Tag Archives: Pennsylvania

US taxpayers subsidizing world’s biggest fossil fuel companies

Repost from The Guardian

US taxpayers subsidising world’s biggest fossil fuel companies

Shell, ExxonMobil and Marathon Petroleum got subsidises granted by politicians who received significant campaign contributions from the fossil fuel industry, Guardian investigation reveals
By Damian Carrington and Harry Davies, 12 May 2015 07.00 EDT
Marathon Petroleum refinery in Canton, Ohio, got a job subsidy scheme worth $78m when it started in 2011. Photograph: PR

The world’s biggest and most profitable fossil fuel companies are receiving huge and rising subsidies from US taxpayers, a practice slammed as absurd by a presidential candidate given the threat of climate change.

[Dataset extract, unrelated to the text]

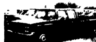
91 CHEV. C3500 CREW CAB DUALY 454 V8, AT, A/C, C, T, Silverado Pkg Black/Gray Int Only 41,000 Mi #C320
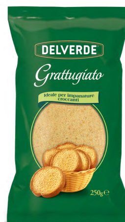
Grattugiato 250g | code 465480

A Guardian investigation of three specific projects, run by Shell, ExxonMobil and Marathon Petroleum, has revealed that the subsidises were all granted by politicians who received significant campaign contributions from the fossil fuel industry.

The Guardian has found that:

  • A proposed Shell petrochemical refinery in Pennsylvania is in line for $1.6bn (£1bn) in state subsidy, according to a deal struck in 2012 when the company made an annual profit of $26.8bn.
  • ExxonMobil’s upgrades to its Baton Rouge refinery in Louisiana are benefitting from $119m of state subsidy, with the support starting in 2011, when the company made a $41bn profit.
  • A jobs subsidy scheme worth $78m to Marathon Petroleum in Ohio began in 2011, when the company made $2.4bn in profit.

“At a time when scientists tell us we need to reduce carbon pollution to prevent catastrophic climate change, it is absurd to provide massive taxpayer subsidies that pad fossil-fuel companies’ already enormous profits,” said senator Bernie Sanders, who announced on 30 April he is running for president.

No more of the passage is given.